В 1877 году в «Журнале Королевского азиатского общества» была опубликована авторитетная статья Картера Стента, посвященная ритуалу посещения спальни повелителя его наложницей. В конкретных деталях он совпадает с турецким. Когда китайский император пожелает присутствия у себя в спальне какой-то женщины, он дает дежурящему у дверей евнуху табличку с ее именем. Тот извещает об этом даму, и евнухи приносят наложницу в опочивальню повелителя. Женщина не должна делать это как обычно, то есть ложиться в постель со стороны изголовья или сбоку, — придворный этикет требует, чтобы она делала это со стороны ног и постепенно «подползала» к телу высокородного любовника. За дверями дежурили два евнуха, до рассвета они будили наложницу и относили назад в ее, покои. Факт посещения женщиной императора вносился в специальную книгу, где указывались имя дамы и дата визита. Император подписывал документ, и если у женщины рождался ребенок, то данная запись становилась подтверждением его законного происхождения.

Что касается другого обычая — выбирать наложницу, бросив ей платок, то существуют достаточно достоверные свидетельства того, что по крайней мере в какой-то период такой обычай существовал.

В первую очередь следует помнить, что в Турции мендил, яглык, или платок, играл уникальную роль — он был знаком милости. Все, а не только султан, прикрывали платком любой подарок, вручаемый одним человеком другому. Естественно, появление конвертов и картонных коробок способствовало тому, что при султанах более поздних периодов эта традиция отмерла, но прежде любое важное письмо, деньги, ювелирные украшения и даже подарки в виде фруктов, сладостей и предметов одежды заворачивали в вышитый платок. Чем богаче был платок, тем большее расположение выказывал даритель. Поэтому очень возможно, если не сказать вероятно, что милость повелителя при выборе женщины могла выражаться в том, что он бросал ей платок.

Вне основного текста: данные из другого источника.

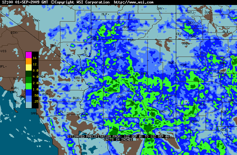Finally some "normal-ish" monsoon activity. The past few days have shown nice shower activity in the Yavapai County mountains, across the rim and into the White Mtns. Even a couple of nights with some storms popping up in the deserts. You know, the way it should happen through July and August! Hopefully we can keep this pattern going for a week or two until things dry out for autumn, typically around mid-September. Then we'll need a wet winter, which hopefully the el niño will provide.

Более того, как мы вскоре увидим, О. Бон, на чье свидетельство можно полагаться, однозначно сообщает, что перед уходом в свои покои султан бросает платок той, кого он хочет видеть.[44] В определенных ситуациях слова не нужны и даже излишни, поэтому при дворе, изобилующем многочисленными традициями и церемониями, такой обычай вполне мог существовать. В некоторой степени он перекликается с западной традицией бросать перчатку сопернику при вызове его на бой, хотя, конечно, это более серьезное дело.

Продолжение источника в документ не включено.